You can change backgrounds with Photoshop Elements.
This is Part 2-of-2 in the "Adventures of Piper." In Part-1 it was revealed how our heroine was snatched from her own back yard swimming pool.
This was not the work of an amateur. It's suspected that it was someone who followed the detailed steps presented by essential-photoshop-elements.com!
Even the fine hairs around the edges were captured!

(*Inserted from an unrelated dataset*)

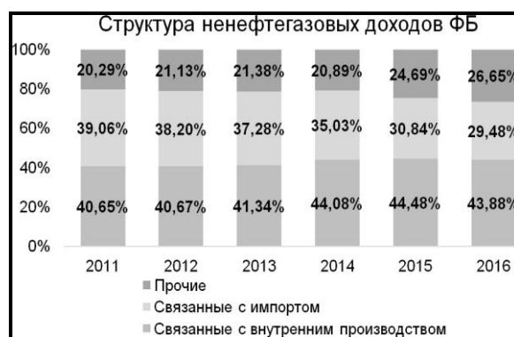
Рис. 3. Структура ненефтегазовых доходов федерального бюджета [14]

Другими словами, падение совокупного спроса повлекло за собой сокращение ненефтегазовых поступлений в федеральный бюджет. Повышение доли доходов от НДС на ввозимые товары в связи с курсовой переоценкой (номинальный рост) положительно повлияло на доходную статью бюджета, но не восполнило потерь от недополучения нефтегазовых доходов.
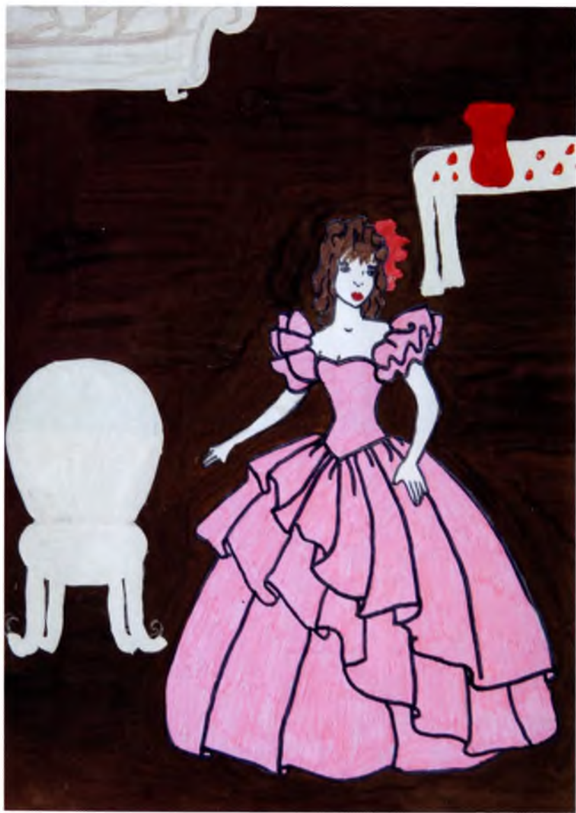
Рис. №6 Смирнова Юлия (Вологда) Вологодский клад

Revisit Part-1 to discover how anyone can achieve the same results once they know the secrets of the sophisticated tools offered in Photoshop Elements.
Shockingly this information has been freely distributed on the internet.
Anyone with an inexpensive software program called Adobe Photoshop Elements and access to the internet can easily do it!
In this episode we will break down the steps of how anyone can change backgrounds with Photoshop Elements.
Now that we know how to grab a subject from their natural surroundings, let's see what steps can be taken to seamlessly fit that subject into a new setting.
This is the best explanation we have of how Piper ended up half way around the world chasing ducks in a fountain in New Zealand!
Here's a summary of the steps to use in Photoshop Elements when you want to change backgrounds.
Make sure to grab a free Cheat Sheet of the steps at the end to print out and use as a handy reference when using this technique in Photoshop Elements!
Open both the photo of your Subject and your Destination (new background) photo in Elements.
Click on the Title Bar tab of your destination photo to make it visible in the Live Work Area.
Make the Photo Bin visible by going down to the lower/left of your Photoshop Elements window and clicking on "Photo Bin".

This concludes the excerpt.